In this post, we’ll walk through the differences between infrastructure management, application monitoring, machine learning observability, and alerting.

Recommended: The Ultimate Guide to Three Types of Observability

Infrastructure observability

The first step in ensuring the health of your infrastructure is to know what’s happening on it.

Infrastructure observability, or simply “infrastructure monitoring,” gives you a bird’s-eye view of your entire stack and makes possible what would otherwise be a laborious process: identifying bottlenecks that are impacting performance and pinpointing their causes.

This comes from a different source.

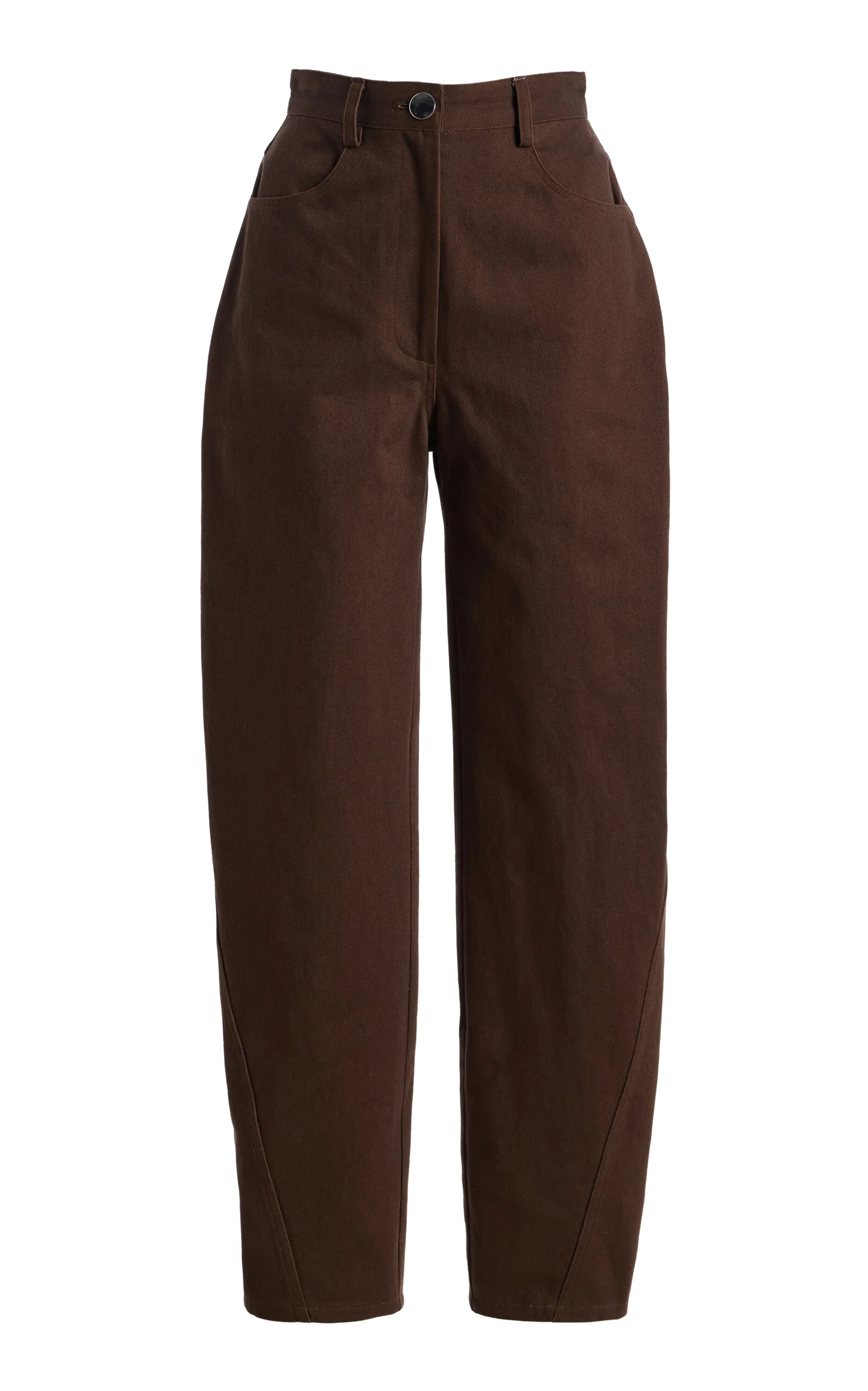 The New York talent blends considered design with a fuss-free minimalism to create cool vacation pieces that easily translate to city life. Denim twist leg seam with silver button detail. PRODUCT DETAILS - Spring '26 - Front zipper fly and waistband button - Composition: 100% cotton - Designer color: Chocolate - Dry clean - Handmade in the USA SIZE & FIT - True To Size - Model is wearing a size 0

With infrastructure monitoring, all system components should be able to report back to a central point (a “monitoring agent”) with information about their status. A good way to get started with this is by using a service like PagerDuty, which can integrate into just about any existing monitoring solution.

The ability to easily collect data from every critical piece of your infrastructure gives you complete visibility into how those pieces interact and lets you identify problems before they become critical issues affecting user experience or revenue generation.

Data observability:

Monitoring data in motion. Data is constantly moving from one place to another, and it’s important to understand how this data is being used at different points in time.

Monitoring data at rest. A lot of information can be gleaned by analyzing what’s happening with your stored data, whether it’s on disk or in memory.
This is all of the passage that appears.